Anakin wondered whether everyone, watching a memory, could hear the thoughts of the person remembering, or whether it was just him who could hear Cordelia's unspoken words:
'Welcome to Barrayar, son. Here you go: have a world of wealth and poverty, wrenching change and rooted history. Have a birth; have two. Have a name. Miles means "soldier", but don't let the power of suggestion overwhelm you. Have a twisted form in a society that loathes and fears the mutations that have been its deepest agony. Have a title, wealth, power, and all the hatred and envy they will draw. Have your body ripped apart and re-arranged. Inherit an array of friends and enemies you never made. Have a grandfather from hell. Endure pain, find joy, and make your own meaning, because the universe certainly isn't going to supply it. Always be a moving target. Live. Live. Live.'
This was such an intense moment to end on that it seemed to be the end. But Cheiron pulled out one last phial to end on: another memory, five years later, with Miles, finally able to walk after years of corrective surgery, and bursting with five years of pent-up energy, discovering the excitement of stealing and riding his grandfather's best horse – 'Look, Sergeant! I'm taller than you! And I can run faster, too!' – and the Count realising that having one family member who shared his enthusiasm for horse-riding, could appreciate a good horse, and didn't cry when he fell off and broke his arm, wasn't such a bad deal after all. And if Severus had been so indignant the previous night when Cordelia dared to describe Konstantine as 'a monster', did he hear that she used the same word of her own son? 'I must say, the months Miles spent immobilised in that dreadful spinal brace did teach him how to do charm. He's the most wilful little monster I've ever encountered, but he makes you not notice.'
Anakin wished he could be there to introduce the boy to pod-racing. What would Miles to be like by the time he got his first flier? Someone Anakin would have liked to have had as a childhood friend, definitely.

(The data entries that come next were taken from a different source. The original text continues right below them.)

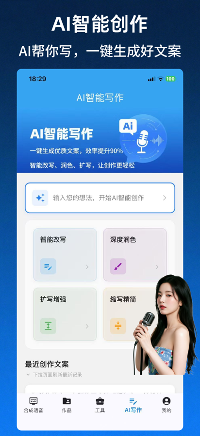 《文字转语音AI配音》:高效的文本转语音工具和配音工具,让您的语音内容更具吸引力! 1、一键合成,简单易用 轻松将文字转语音,完成文字配音,无需繁琐操作。 2、500位专业AI主播 各种音色的男声女声童声,音质媲美真人,满足各种配音需求。 通用男声女声,带货主播,客服主播,方言主播,配音解说主播,多情感主播,外语主播等。 3、多语种支持 支持英语,日语,汉语,德国,法语,马来语,西班牙语,菲律宾语,泰语,意大利语,俄语,韩语,越南语。 满足全球化要求。 4、多方言支持 东北话,粤语,天津话,湖南话,台湾话,四川话,广州普通话等,增强地域特色。 5、丰富的音效库 丰富的背景Bgm音乐库,还可以使用本机音乐文件; 各种音效库,动物声,电子音效,生活音效,片头音效,搞笑音效,转场音效,营造独特氛围。 6、强大超多的工具箱 文字工具帮你读取文档、拍照取字; 音频工具支持剪辑、拼接音频,还能添加背景音乐; 视频工具轻松为视频配音、添加音效。功能强大,操作简单,助你高效搞定文字、音视频处理! 7、声音极速完美克隆 极速克隆,完美复刻,只需10秒即可克隆你的声音,打造专属配音主播。 无论是视频配音、语音助手,还是个性化音频制作,都能轻松实现。让你的声音成为独一无二的标志。 8、AI声音设计 一句话描述,定制专属音色!只需输入文字描述(如“温柔知性的女声”或“低沉磁性的男声”),AI 即刻为你生成理想中的声音。支持多语言切换。无论是角色配音、有声内容,还是创意音频,让你的声音想象即刻成真。 9、适用范围广 广泛用于商城超市,会议广播,新闻资讯,教育培训,社区广播,文稿配音、广告配音等文案模板,快速上手。 立即下载《文字转语音AI配音》,体验便捷、高效的语音合成服务! 我们长期稳定运营,持续上架更多特色主播,持续上新各种文字和音视频工具箱。 我们非常高兴您可以给我们反馈各种问题和功能建议,我们会认真对待您提的每个建议,在我们的App上实现您要求的功能和建议。 联系我们:huayuqixin@126.com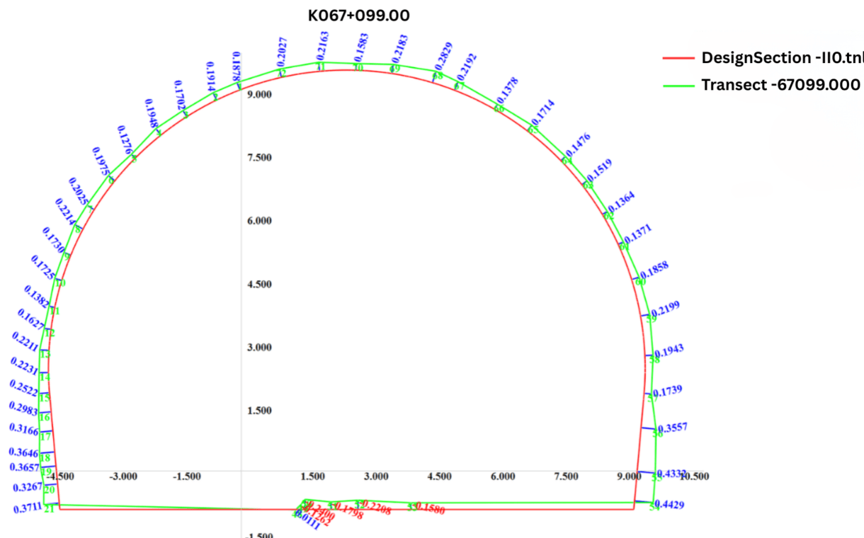 • Quantitative excavation statistics were derived by integrating sectional area differences along the tunnel chainage, producing over-break and under-break volumes for engineering evaluation.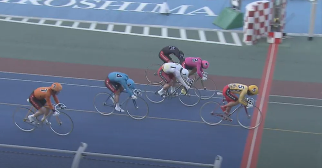地元のエース・松浦に人気が集まった初日の目玉レース。打鐘とともに野原雅也(福井)が踏み出し、主導権を握る。最終ホームで松浦が発進すると、接触した守澤太志(秋田)が落車。それに巻き込まれて芦澤大輔(茨城)も転倒してしまうアクシデントが発生。接触したものの松浦がそのまま先頭を捕らえ、人気に応えた。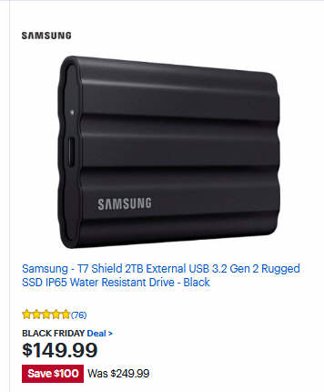Samsung - T7 Shield 2TB External USB 3.2 Gen 2 Rugged SSD IP65 Water Resistant Drive - Black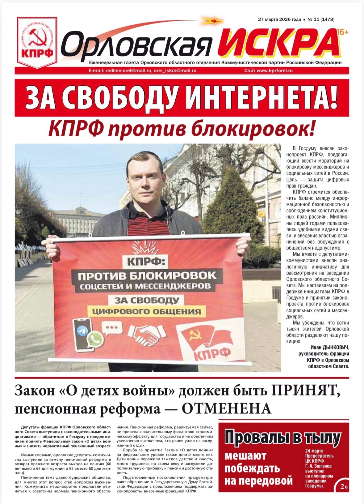 Орловская искра №11(1478) от 27 марта 2026 года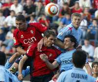 Los rojillos Carlos Javier Cu�ar y Jos�omero, en la f�ea lucha por el bal�on los rivales del Celta FOTO Reuters

But so would Severus have been. Severus was still curled up pretending not to listen. He hadn't been a charming, enthusiastic, adorable little boy who could win over even the grouchiest adult. He hadn't had a loving family. And he didn't dare to accept love if it came his way now.
Author's note: Just a few years after expressing scepticism about a fanfic, A Fugitive and a Wanderer by Beatrice Otter, in which Obi-Wan overhears preachers on Tattooine quoting Jesus and telling the story of Cain and Abel – I've done the same thing myself in transplanting another Bible story there, this time the story of Judith. In the Vorkosigan universe, I can well imagine that Cordelia had read this story back home on Beta Colony as a girl and had never imagined that she, a civilised child of the modern age, would need to behave in such a barbaric way. It'd be nice to think that the story of Judith had also survived on Barrayar, and that some Barrayaran folk tales have more active heroines than the Lady of the Lake. However, in the Star Wars universe – well, let's just say that judging by the titles of many of the holodramas mentioned, very similar sorts of stories seem to have arisen in their culture as in ours.